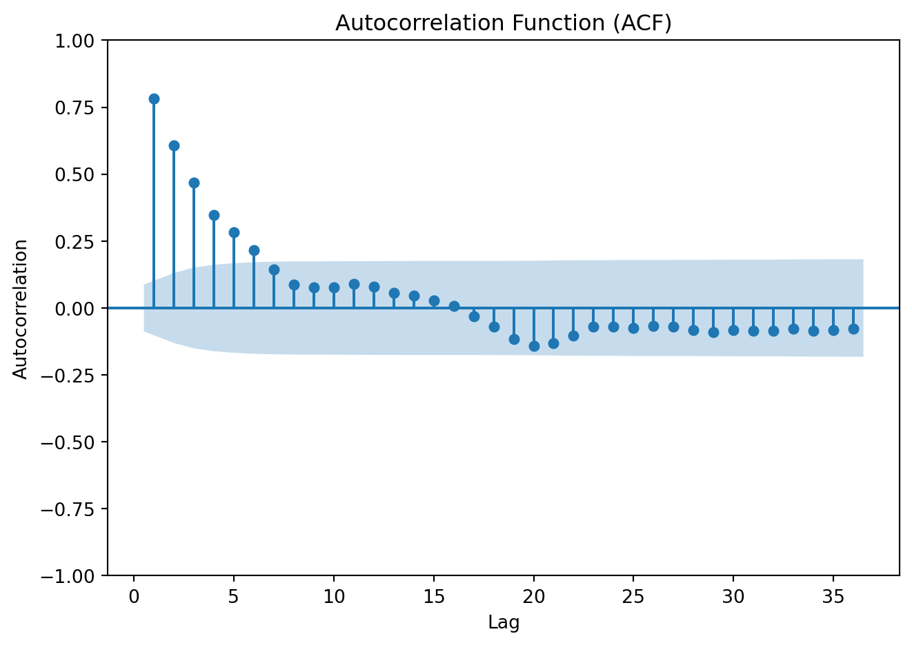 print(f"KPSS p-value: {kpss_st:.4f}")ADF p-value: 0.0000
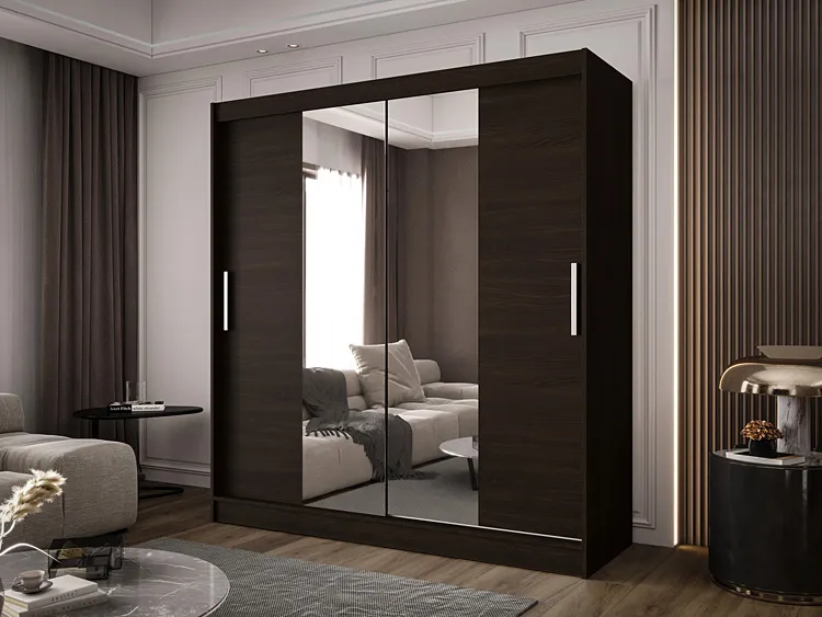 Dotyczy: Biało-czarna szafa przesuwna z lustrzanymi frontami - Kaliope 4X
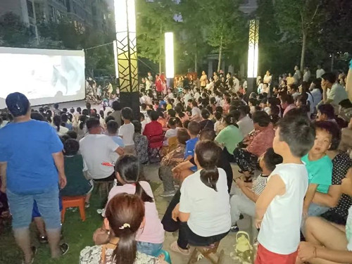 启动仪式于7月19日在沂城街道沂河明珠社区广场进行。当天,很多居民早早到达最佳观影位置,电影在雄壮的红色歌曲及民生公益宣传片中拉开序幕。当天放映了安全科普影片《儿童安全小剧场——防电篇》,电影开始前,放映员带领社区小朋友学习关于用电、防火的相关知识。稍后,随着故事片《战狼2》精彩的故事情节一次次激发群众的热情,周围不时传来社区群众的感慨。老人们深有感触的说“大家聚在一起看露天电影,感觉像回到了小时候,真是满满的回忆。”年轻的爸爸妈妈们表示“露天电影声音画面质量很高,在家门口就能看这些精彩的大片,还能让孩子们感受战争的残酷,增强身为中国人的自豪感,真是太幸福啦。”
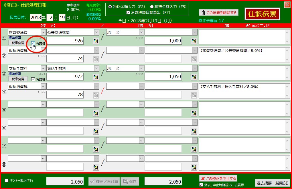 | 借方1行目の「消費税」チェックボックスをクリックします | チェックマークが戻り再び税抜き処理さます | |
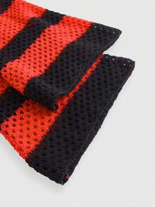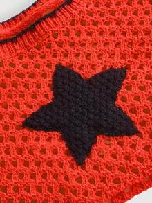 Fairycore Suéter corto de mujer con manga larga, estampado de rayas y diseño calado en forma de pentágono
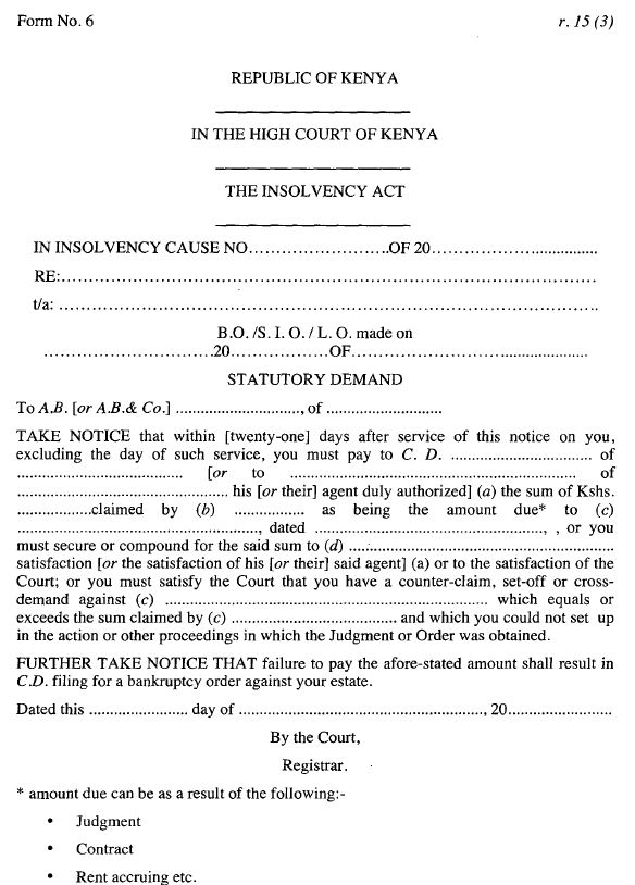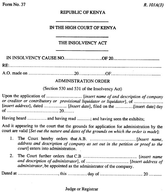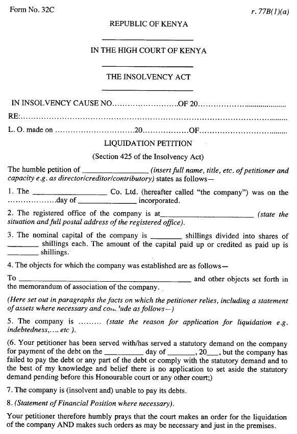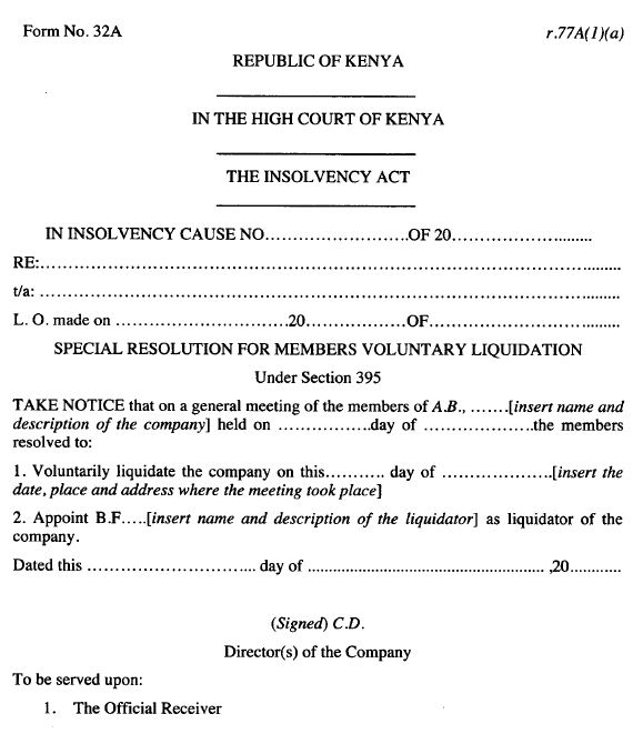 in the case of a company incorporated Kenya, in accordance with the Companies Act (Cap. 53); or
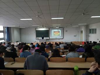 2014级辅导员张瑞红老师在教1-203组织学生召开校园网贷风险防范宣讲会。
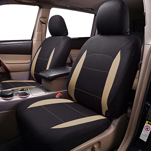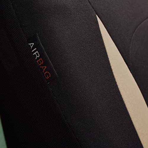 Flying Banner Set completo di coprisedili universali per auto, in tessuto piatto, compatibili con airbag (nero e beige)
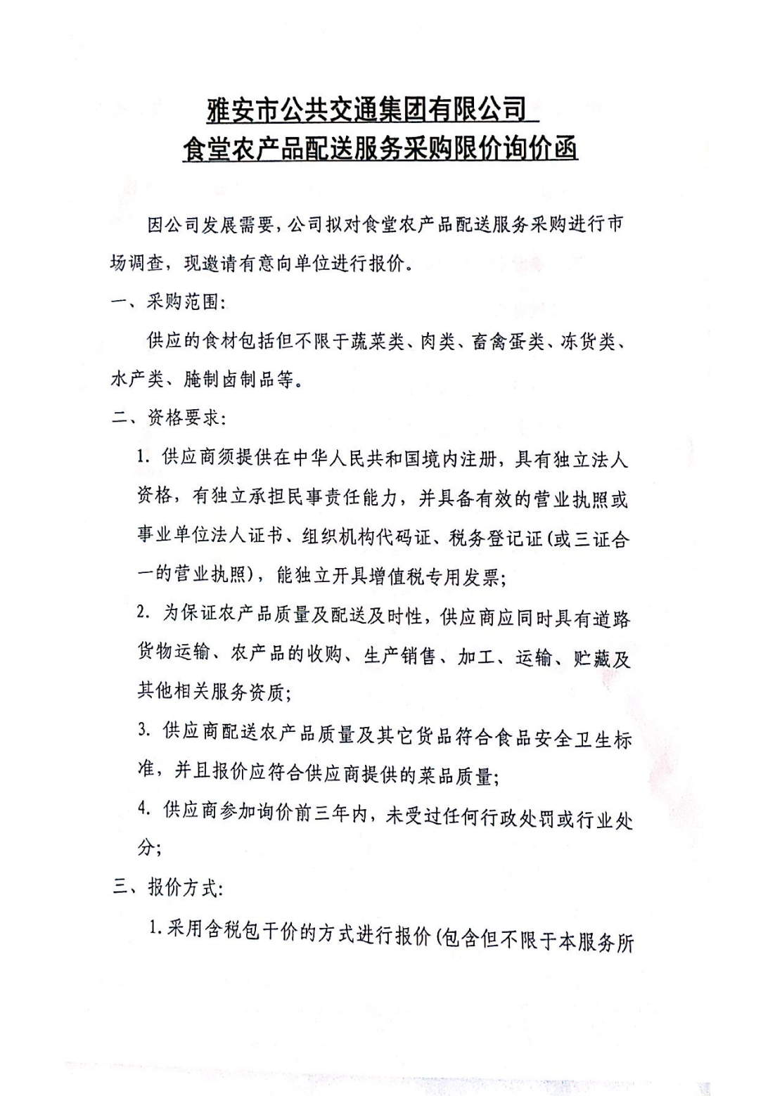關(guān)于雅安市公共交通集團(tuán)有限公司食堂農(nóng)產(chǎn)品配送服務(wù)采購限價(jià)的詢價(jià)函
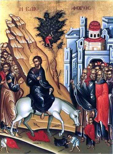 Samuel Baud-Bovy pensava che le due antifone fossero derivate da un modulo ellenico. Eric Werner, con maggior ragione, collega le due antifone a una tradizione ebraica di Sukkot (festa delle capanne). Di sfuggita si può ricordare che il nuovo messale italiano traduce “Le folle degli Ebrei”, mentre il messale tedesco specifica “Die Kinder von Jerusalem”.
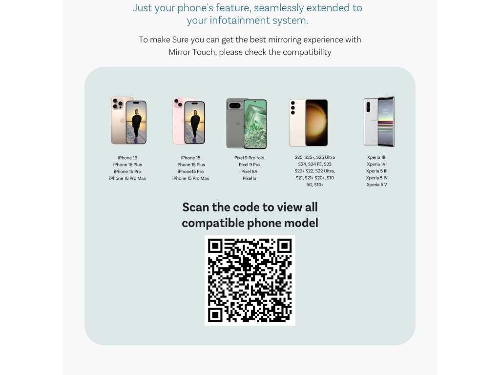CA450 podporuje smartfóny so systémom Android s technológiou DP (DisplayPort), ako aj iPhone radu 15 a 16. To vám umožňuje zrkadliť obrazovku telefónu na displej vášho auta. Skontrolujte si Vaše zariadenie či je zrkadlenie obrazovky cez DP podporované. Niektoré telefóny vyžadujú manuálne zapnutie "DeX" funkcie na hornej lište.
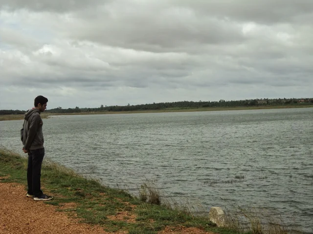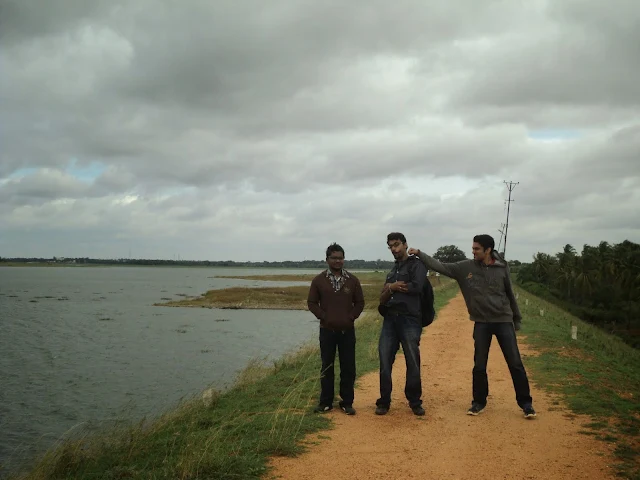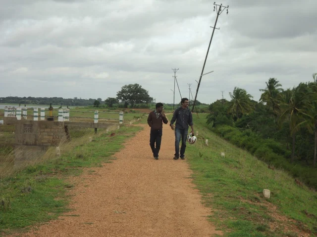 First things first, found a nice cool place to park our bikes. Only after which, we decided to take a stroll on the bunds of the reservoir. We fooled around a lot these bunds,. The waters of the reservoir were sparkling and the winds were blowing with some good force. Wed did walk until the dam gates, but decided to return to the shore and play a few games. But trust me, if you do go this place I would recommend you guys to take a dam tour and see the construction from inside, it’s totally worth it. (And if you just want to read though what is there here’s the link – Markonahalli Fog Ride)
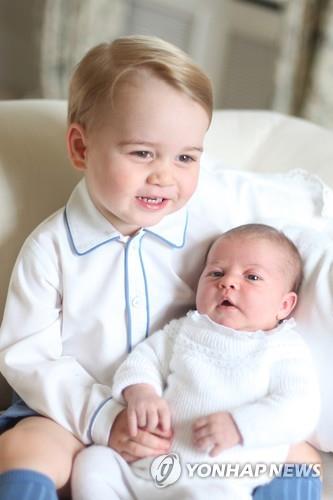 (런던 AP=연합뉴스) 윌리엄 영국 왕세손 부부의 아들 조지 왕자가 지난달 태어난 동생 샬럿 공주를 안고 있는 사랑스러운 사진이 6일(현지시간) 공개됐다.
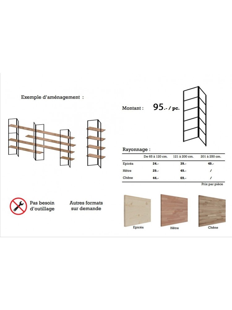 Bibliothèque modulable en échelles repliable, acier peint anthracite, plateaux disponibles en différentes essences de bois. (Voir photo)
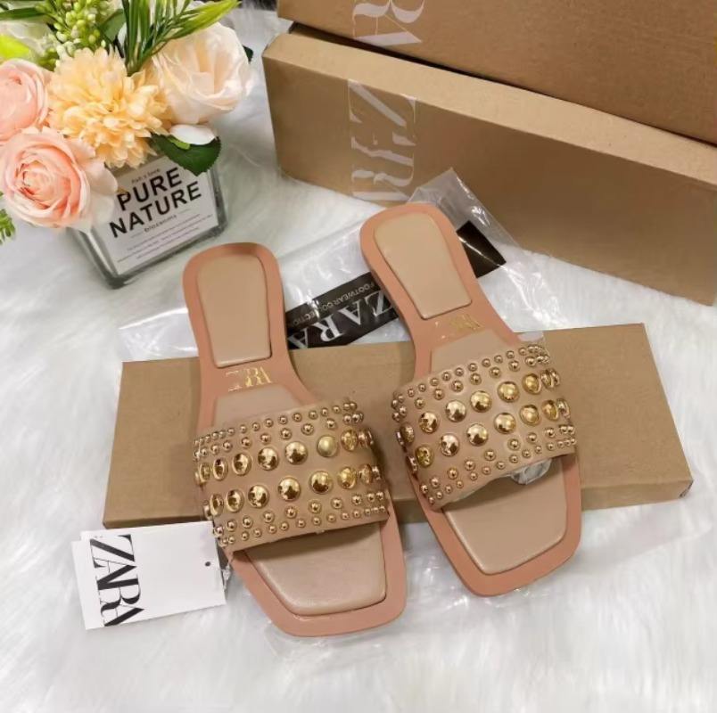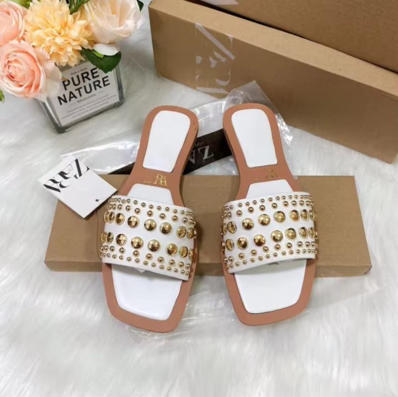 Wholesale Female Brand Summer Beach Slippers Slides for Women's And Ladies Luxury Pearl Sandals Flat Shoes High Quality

⁂

Exercise: The result should hold only the lines from the line with "(런던 AP=연합뉴스) 윌리엄" through the final line of the records above, copied exactly, with pictures left out.

Answer space:
 (런던 AP=연합뉴스) 윌리엄 영국 왕세손 부부의 아들 조지 왕자가 지난달 태어난 동생 샬럿 공주를 안고 있는 사랑스러운 사진이 6일(현지시간) 공개됐다.
 Bibliothèque modulable en échelles repliable, acier peint anthracite, plateaux disponibles en différentes essences de bois. (Voir photo)
 Wholesale Female Brand Summer Beach Slippers Slides for Women's And Ladies Luxury Pearl Sandals Flat Shoes High Quality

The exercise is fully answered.